Indiana Lawmaker Introduces Bill to Prevent Catalytic Converter Thefts

January 21, 2022

Indiana Rep. Jim Baird has introduced a bill to reduce catalytic converter thefts by marking identifying information on catalytic converters, addressing how the parts are purchased, and strengthening enforceability of catalytic converter theft for local law enforcement officers, his office announced.

The bill, Preventing Auto Recycling Thefts (PART) Act, comes in response to a rise in reported catalytic converter thefts. According to the National Insurance Crime Bureau, the number of catalytic converter thefts reported in claims to insurance companies jumped from 3,389 in 2019 to 14,433 in 2020.
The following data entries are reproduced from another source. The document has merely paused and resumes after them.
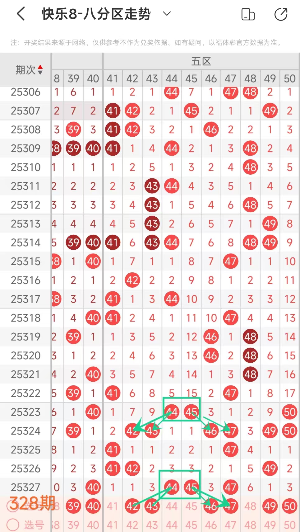 上期五区开44 45 47 这3个号码,本期该区应该出号2个左右
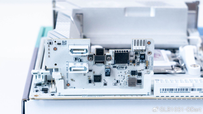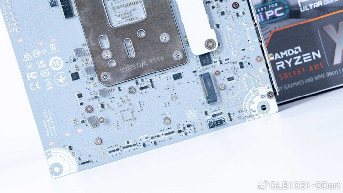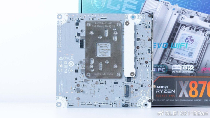 拆下正面堆叠设计的M.2 SSD插板后可以看到下方的X870主板芯片。
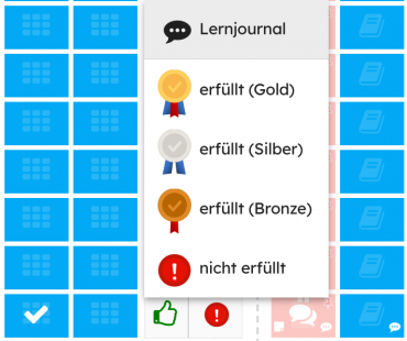 Die Lehrperson kann z.B. im Arbeitsstand am Ende eines Themas ein Bewertungssymbol (Medaille) mit verschiedenen Farben setzen. Die Interpretation ist wiederum der Lehrperson überlassen. Zum Beispiel können die Farben für erreichte Kompetenzniveaus verwendet werden.
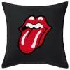 Rolling Stones Kiss, Μαξιλάρι καναπέ Μαύρο 100% βαμβάκι, περιέχεται το γέμισμα (50x50cm)
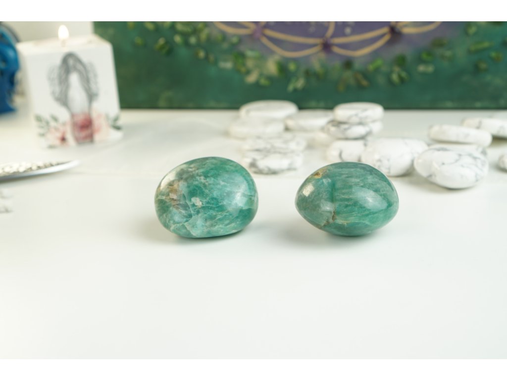 Tento nádherný Amazonit ve tvaru vejce má mimořádně uklidňující účinky. Blokuje geopatogenní zóny a chrání před elektromagnetickým zářením.
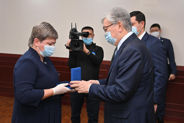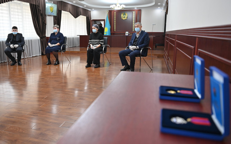 Затем Касым-Жомарт Токаев лично вручил родственникам награды, которых их мужья и отцы были удостоены за проявленную отвагу и самоотверженность при исполнении воинского и служебного долга, за подвиги, совершенные при защите интересов государства.
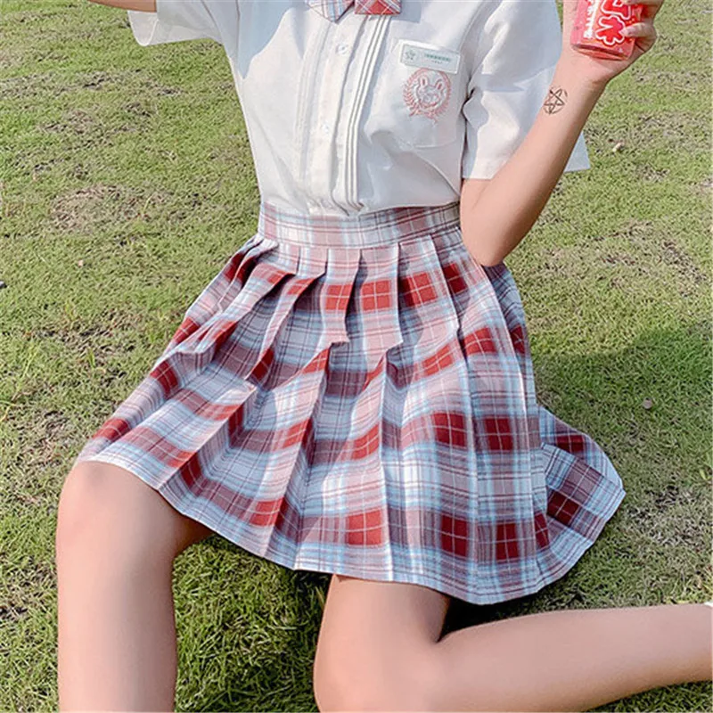 Женская плиссированная мини-юбка, Повседневная Милая клетчатая юбка в Корейском стиле с высокой талией и принтом в стиле Харадзюку, лето 2022
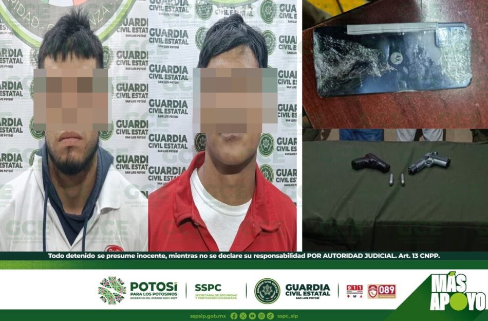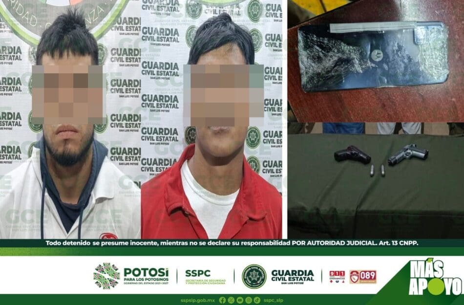 Los presuntos, Irving “N” de 22 años y Jahir “N” de 20 años, presuntamente realizaron un robo con violencia a un transeúnte, amagándolo con armas de utilería para despojarlo de un teléfono celular en las calles de República de Ecuador y República Dominicana en la colonia San Francisco, perteneciente al municipio de Soledad de Graciano Sánchez.
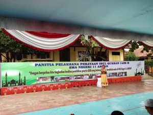 “Perayaan Idul Adha tahun ini, kita berkurban 12 Sapi dan 5 kambing. Hewan kurban ini merupakan sumbangan dari Wakil Ketua DPRD Kota Ambon, Rustam Latupono, orang tua murid, dewan guru, OSIS SMA Negeri 11 Ambon,” kata salah satu panitia dalam sambutannya.
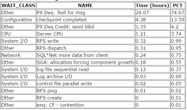 SELECT wait_class, NAME, ROUND (time_secs/3600, 2) "Time (hours)",ROUND (time_secs * 100 / SUM (time_secs) OVER (), 2) pct FROM (SELECT n.wait_class, e.event NAME, e.time_waited / 100 time_secs FROM v$system_event e, v$event_name n WHERE n.NAME = e.event AND n.wait_class <> 'Idle' AND time_waited > 0 UNION SELECT 'CPU', 'Server CPU', SUM (VALUE / 1000000) time_secs FROM v$sys_time_model WHERE stat_name IN ('background cpu time', 'DB CPU')) ORDER BY time_secs DESC;
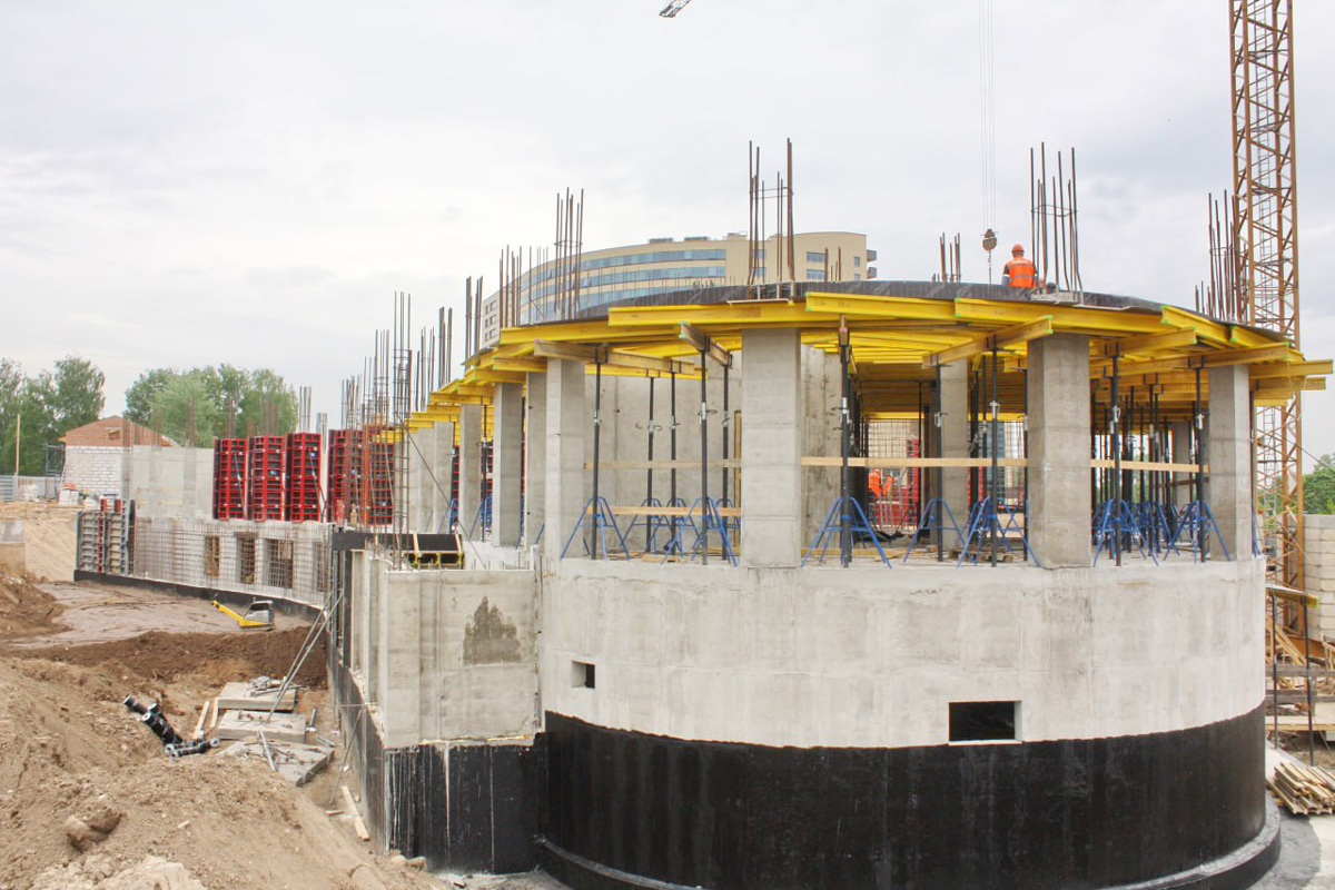 На свайном поле из 870 железобетонных опор уже выполнен монолит подвальной части, ведутся гидроизоляционные работы и обратная засыпка котлована. Монолитчики заливают плиту перекрытия над первым этажом.
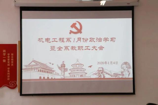 为深入学习贯彻党的十九届五中全会精神,扎实推动学院“十四五”规划编制工作,始终坚持以习近平新时代中国特色社会主义思想为指导,不断增强“四个意识”、坚定“四个自信”、做到“两个维护”。光明党支部于1月4日下午12:40召开本系1月份政治学习暨全系教职工大会。会议由机电工程系副主任马龙凤(主持工作)主持,系部全体党员同志、教职工参加学习。会议主要分为五项议程:
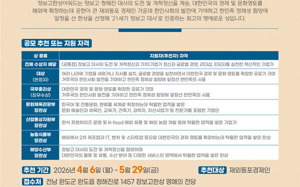 전남 완도군과 장보고글로벌재단(이사장 김덕룡)은 장보고한상 어워드 공모를 시작했다고 7일 밝혔다.
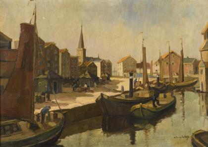 Fischer in den Booten nahe den Häusern der Stadt. Anbei holländische Expertise von 1991
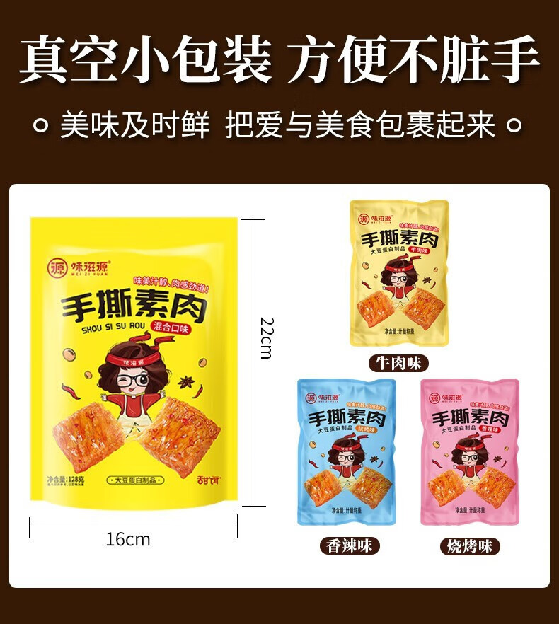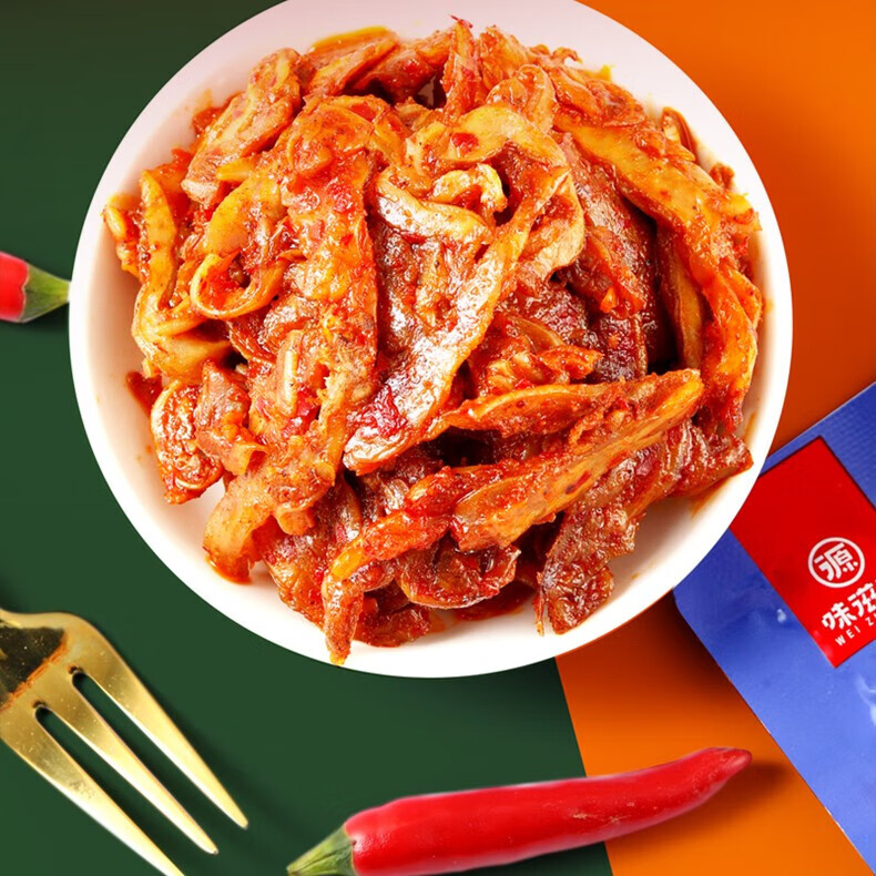味滋源 麻辣小零食脆骨香辣鸭脖子素食金针菇办公室休闲小零食 手撕素肉 128g 1件

Catalytic converters are car parts used to reduce the potency of toxic emissions from an internal combustion engine and is a component required in compliance with the Clean Air Act, a news release from Baird’s office said. These parts are constructed using precious metals such as rhodium, platinum, and palladium, and, depending on the price point for these metals, can be sold to scrap dealers for hundreds of dollars. Replacement of these parts can be costly for vehicle owners, with many replacements ranging from $500 to $2,300.

“In West Central Indiana and across the country, catalytic converter theft has had a dramatic impact on vehicle and business owners, leading them to await costly repairs with few tools to prevent similar crimes in the future,” said Baird in a news release. “By closing long-exploited loopholes and strengthening law enforcement’s ability to locate stolen parts and enforce the law, we can create a safer environment for vehicle owners and put a stop to these crimes once and for all.”

The bill is supported by the National Insurance Crime Bureau.

“Car thefts and other auto crimes like catalytic converter thefts have risen dramatically over the past two years and are at record highs,” said David Glawe, President and CEO of NICB. “Vehicle owners pay a high price when a thief targets their catalytic converter, often incurring lost income from missing work, needing to find and pay for alternate transportation and then paying anywhere from $1,000 to $3,000 to get the vehicle fixed. This bill is a critical step in helping bring relief to the people most directly impacted by these crimes.”